Occasionally he would look up at the man interrogating him, simply to avoid a possible ‘Look at me when I’m talking to you’, but not for very long either, so as to escape a ‘stop looking at me with those cretinous eyes’, and from time to time make a slip, say one word instead of another, or a ‘I don’t recall’ to allow the interrogator to unload his aggression, never allow him to get to the hate stage, hands, look at their hands, don’t provoke the moment when they form into fists or when they’re placed flat on the desk, don’t concern yourself with other people, the underlings, a slap in the face, or even the ear, that stuff doesn’t matter, the one to watch is the man sitting facing you, or maybe on occasion it’s someone who steps noiselessly into the room, you haven’t turned round but you sensed he was there by the way the one who is sitting straightened, never let them fill up with anger or calmness, you’ve only one hope, the stool is vile but that’s because it doesn’t show any traces, they don’t want to do you too much damage, if your morale remains good that gives you a way forward, they haven’t yet handed you over to the butchers, there’s no one yet who is anything like the ones he’d encountered before, kein Warum, here you can, you could ask, you still have a full set of fingernails, make them want to keep you here.
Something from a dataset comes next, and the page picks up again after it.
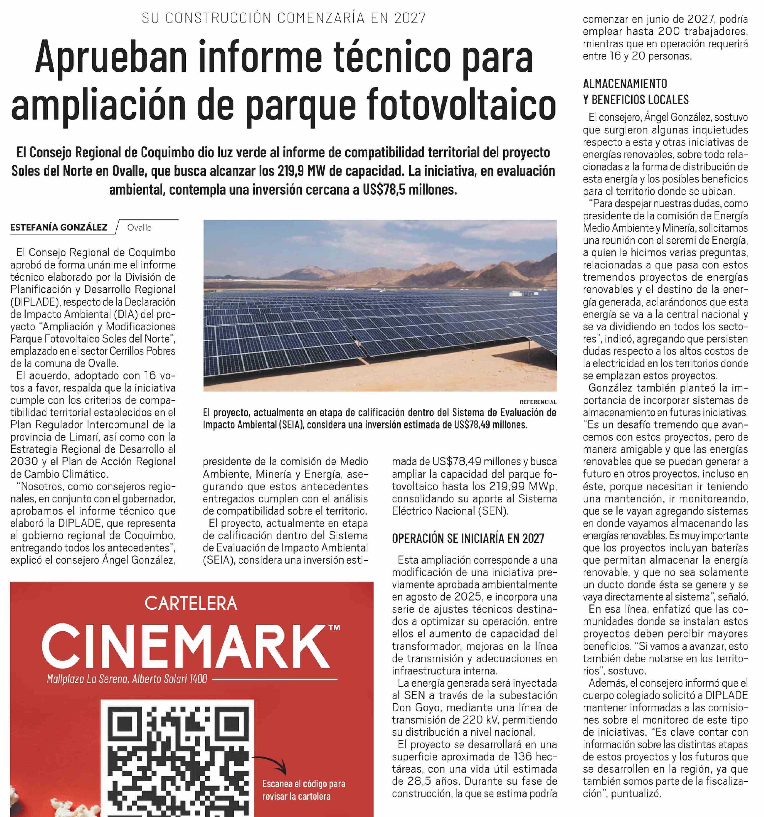 Aprueban informe técnico para ampliación de parque fotovoltaico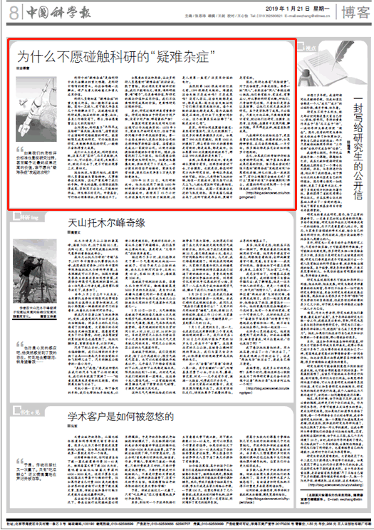 1月21日,中国科学报刊登了石大地球科学学院教师金振奎撰写的题为《为什么不愿碰触科研的“疑难杂症”》的文章。

Lilstein was a useful kind of a guilty party for the average accusers who are only too well aware that there isn’t much in the file, he wasn’t innocent, in those days they ended up liquidating the innocent, no one was going to admit to a mistake, with the guilty things were more violent, they howled like dogs as they died and then it was all over, whereas with someone like Lilstein with his little lies, his mild protests, his way of correcting previous statements, it all served to allow the mills of daily routine to keep turning, between two other much more significant cases, and he really did know Lenin’s writings.